Producer Prices: Modestly Higher Again
March 14, 2017
Bottom Line: Producer inflation rose in February. The "Finished Goods PPI", formerly headline PPI, is now 3.9% higher than a year ago. Core prices rose moderately, more than expected, but decelerated moderately on a year-over-year basis. Overall inflationary pressures at the producer level continue to be impacted by base effects from oil (oil prices bottomed almost exactly a year ago) but remain modest at the core level.
The PPI ROSE by 0.3% in February, compared with market expectations for an increase of 0.1%. Year-over-year producer inflation peaked in June 2011 at 4.44%, then fell due to energy price declines and is now moving higher as oil prices bottomed roughly a year ago. Overall producer prices are 2.2% ABOVE the year ago level.
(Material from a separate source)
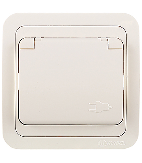 Розетка с рамкой Makel Mimoza 25029 скрытая установка бежевая с заземлением с крышкой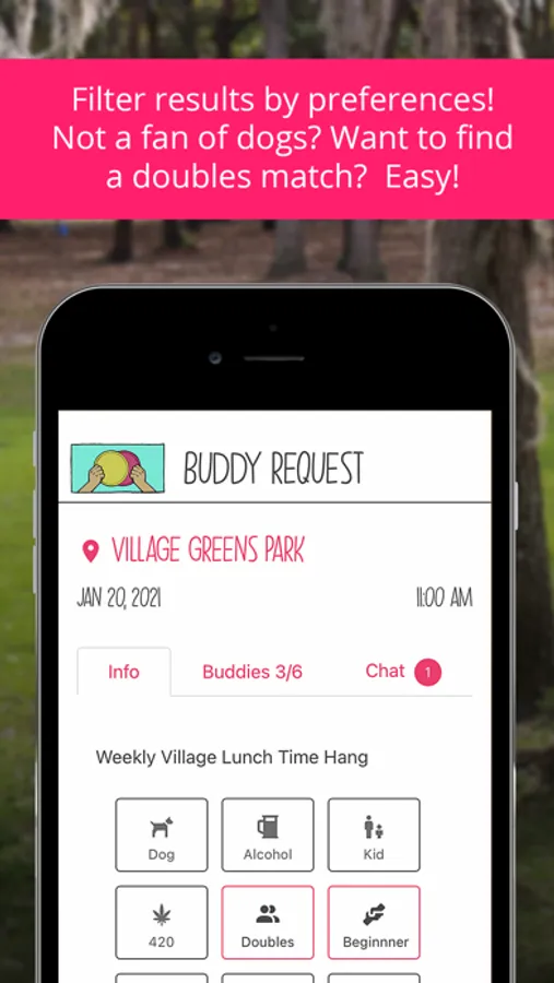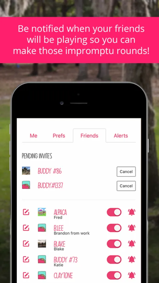 Disc Buddy is a social app that aims to do two things: Find new disc golf buddies, and know when your existing ones will be playing. You can add courses to your favorites and be notified if someone is looking to play there. You can figure out when your buddies are going to be playing and join them. They can do the same when you feel like going out! You can filter requests and find cash games, doubles, casual, and so much more!

The Goods PPI ROSE by 0.3% in February and is now 4.0% ABOVE its year ago level. Food prices rose by 0.3% but are now 1.8% BELOW their year ago level. Meanwhile energy prices rose by 0.6%. and are now 19.8% ABOVE their year ago level. The Goods PPI less food and energy ROSE by 0.1%, and is now 2.0% ABOVE its year ago level.
The Services PPI ROSE by 0.4% in February and is now 1.3% ABOVE its year ago level.
The Core PPI ROSE by 0.3%, compared with market expectations for a increase of 0.2%. Core producer prices are now 1.5% ABOVE their year ago level.